Его предложения по освобождению крестьян с землей, выкупу земель при посредстве правительства, сокращению по возможности времени переходного состояния, переводу крестьян с барщины на оброк и самоуправлению освобожденных крестьян были одобрены императором. Яков Иванович Ростовцев умер 6 февраля 1860 года, не успев завершить реформы, хотя главные части проекта «Положения о крестьянах» были уже разработаны.

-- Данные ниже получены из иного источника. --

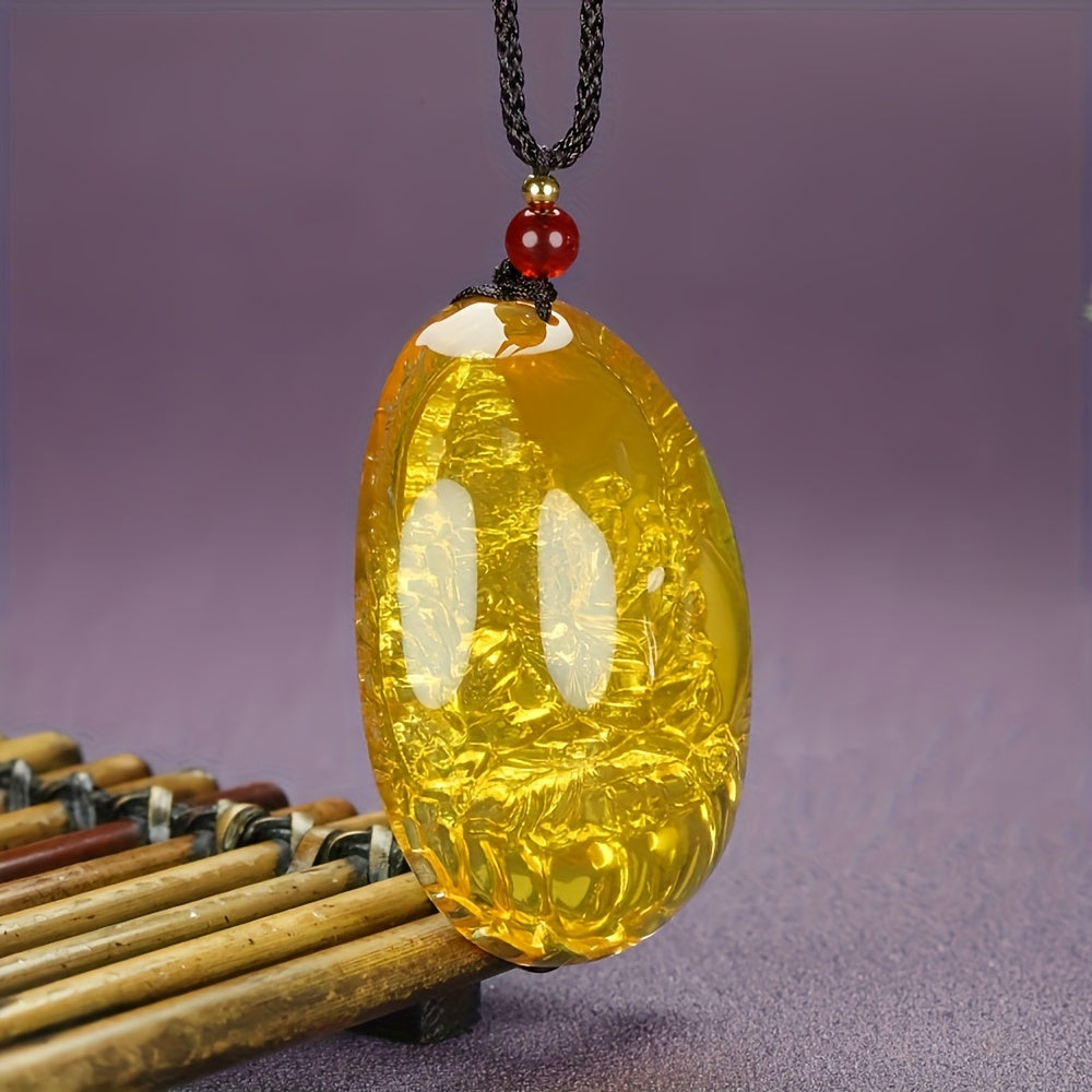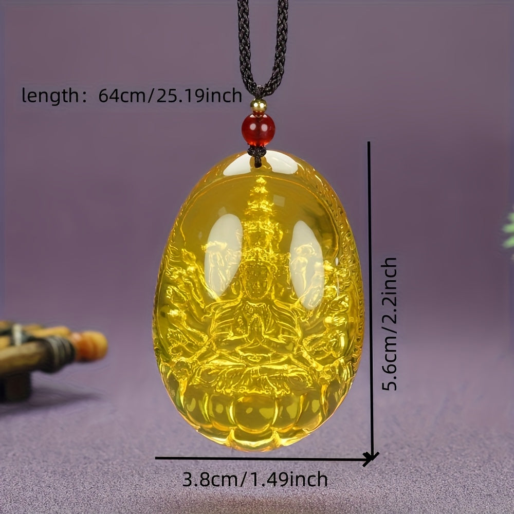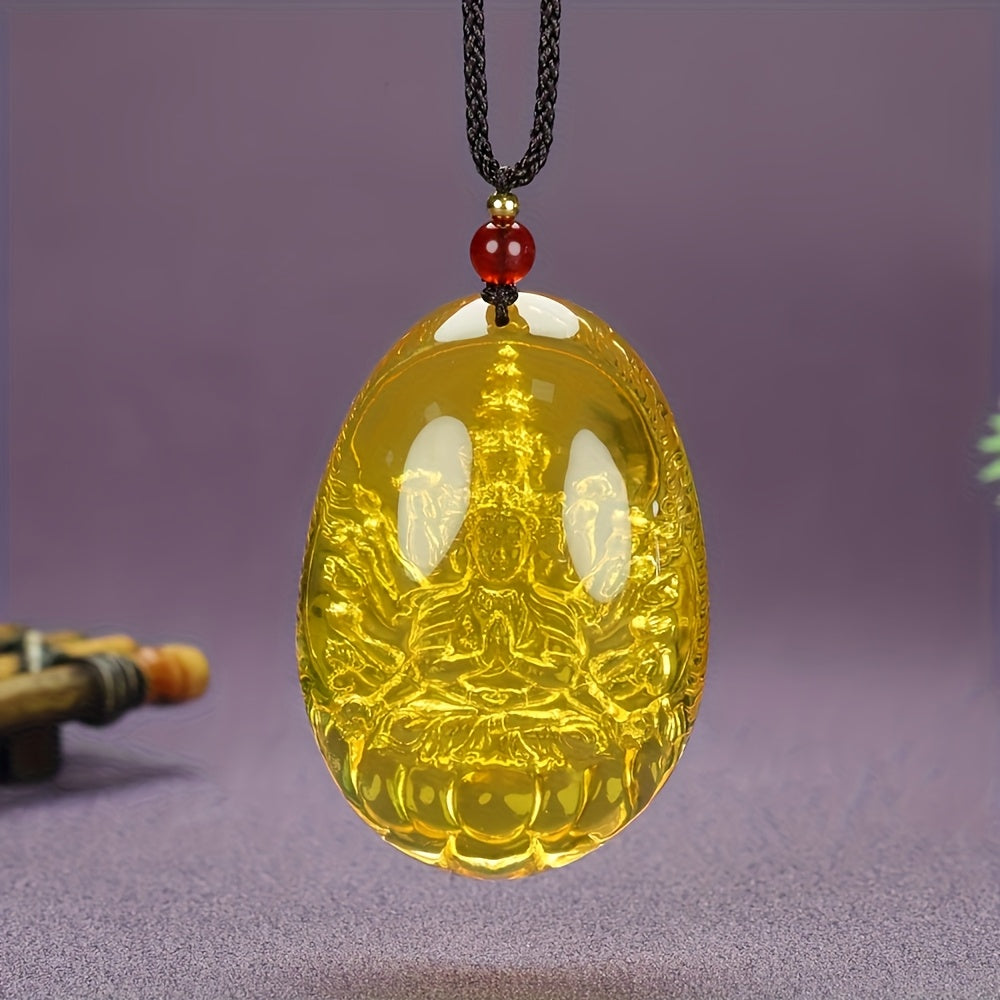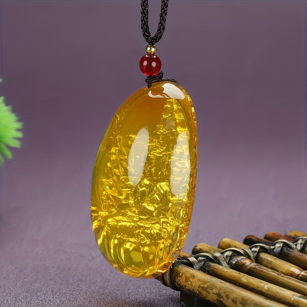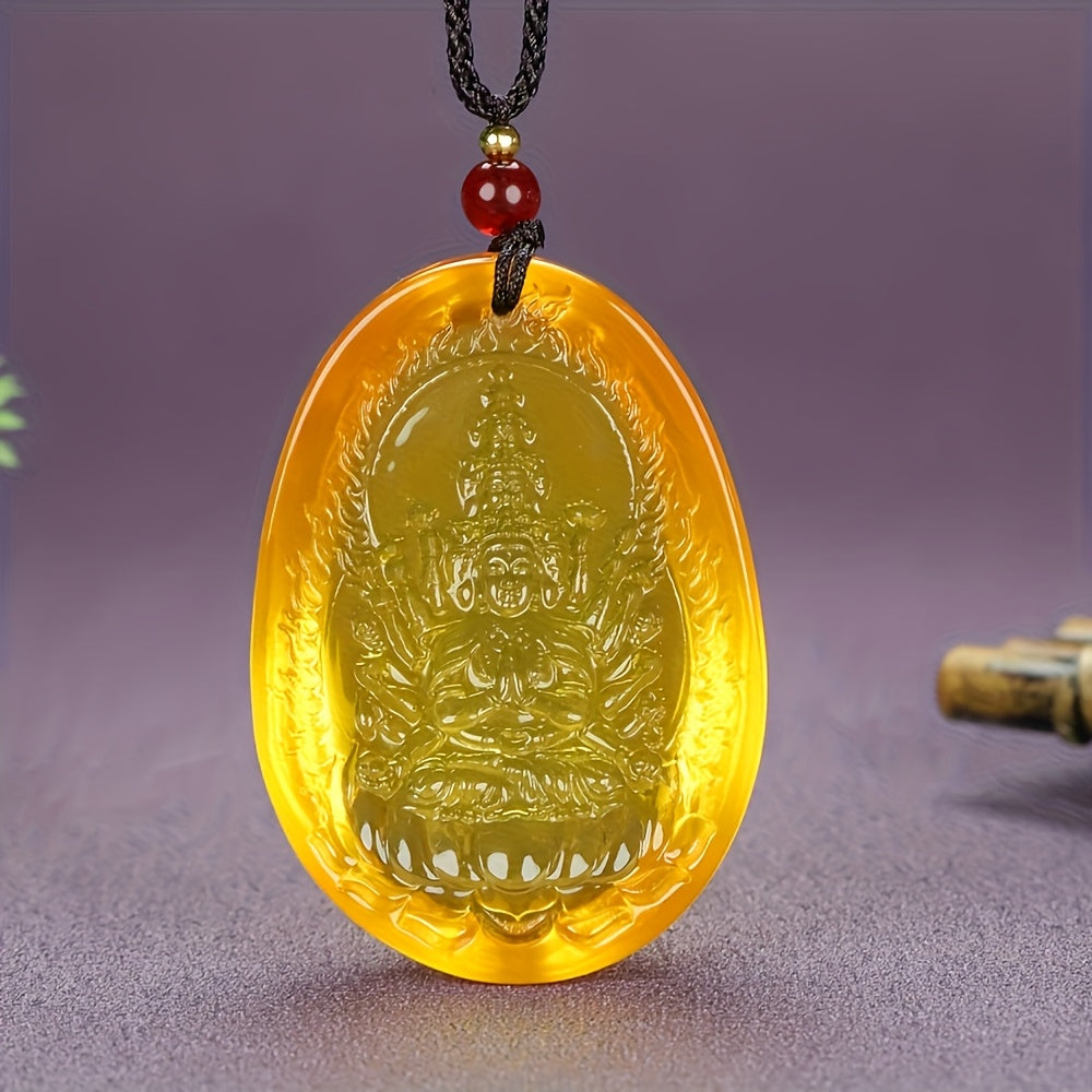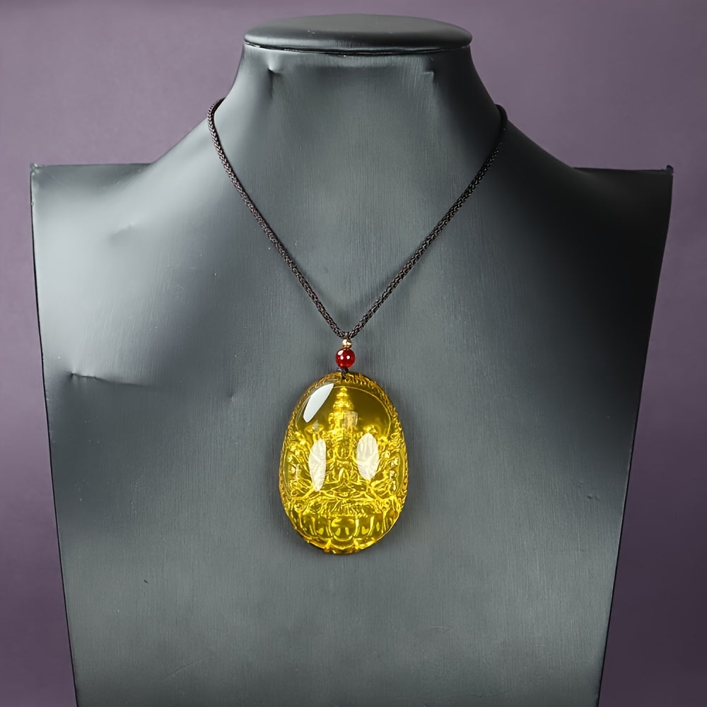 Embrace spiritual charm with this Bohemian style pendant necklace featuring a golden-inspired agate stone with intricate carving on a cord chain.
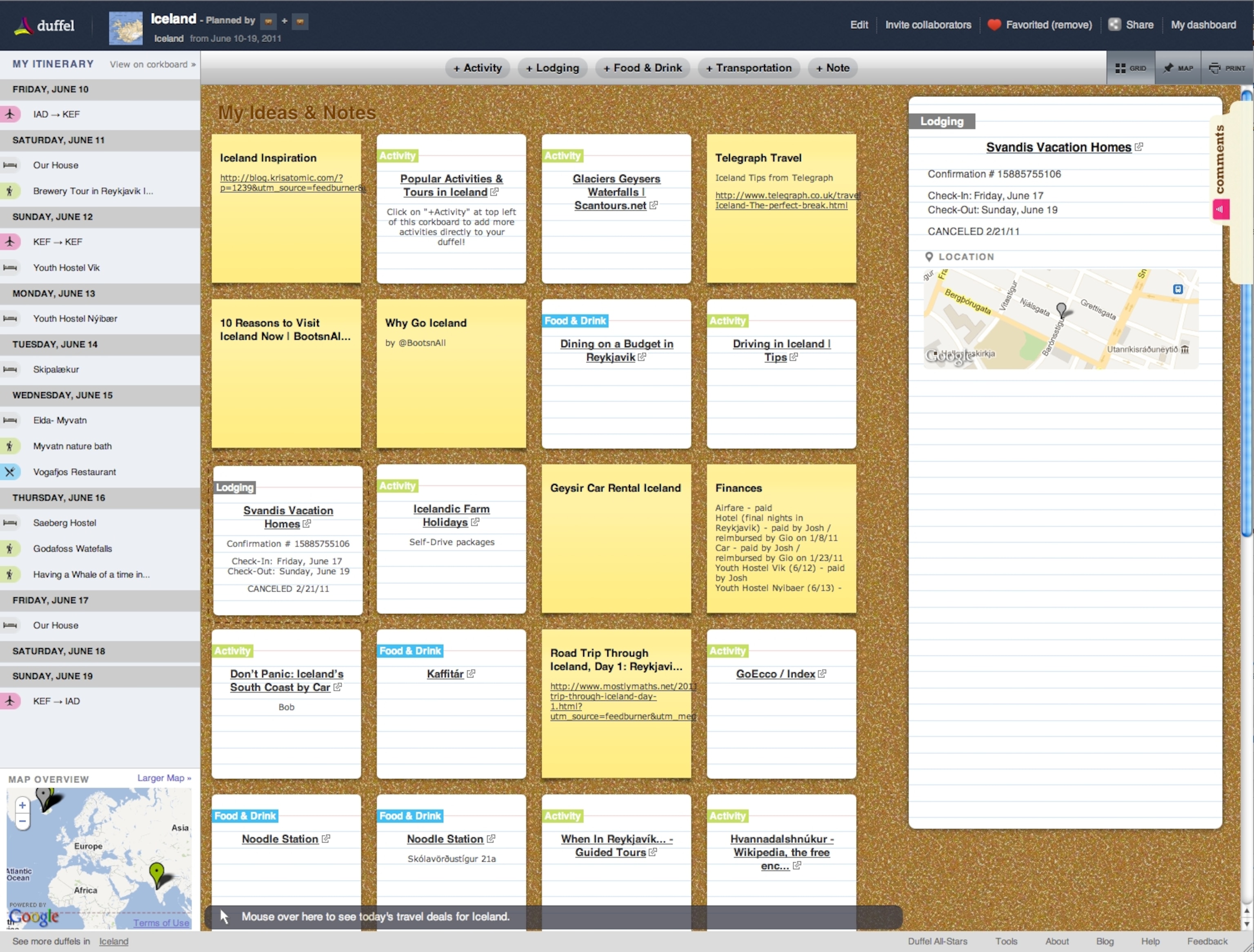 Since Duffel’s launch back in 2009, it has upgraded its site with an enhanced cork board layout and a handy “Clip-It Bookmarker,” which you can add to your web browser’s toolbar and simply click to add whatever website you’re browsing right to your duffel. Duffel also debuted an iPhone app that let’s you access all your planning and itinerary information from the road. I’ve used Duffel several times after my California trip, most recently on a week-long trip to Iceland. Duffel’s iPhone app was great to remind me of hotel phone numbers and restaurants I had researched.

Составленная им перед смертью для государя записка по крестьянскому делу послужила по Высочайшему повелению наставлением для дальнейшей деятельности редакционной комиссии под председательством графа Панина.

После издания Манифеста об отмене крепостного права от 19 февраля 1861 года по Высочайшему повелению императора Александра II на гробницу Ростовцева была возложена золотая медаль, установленная за труды по освобождению крестьян. Вдова Ростовцева и здравствующие на этот момент сыновья с их нисходящими потомками были возведены в графское достоинство Российской империи{43}.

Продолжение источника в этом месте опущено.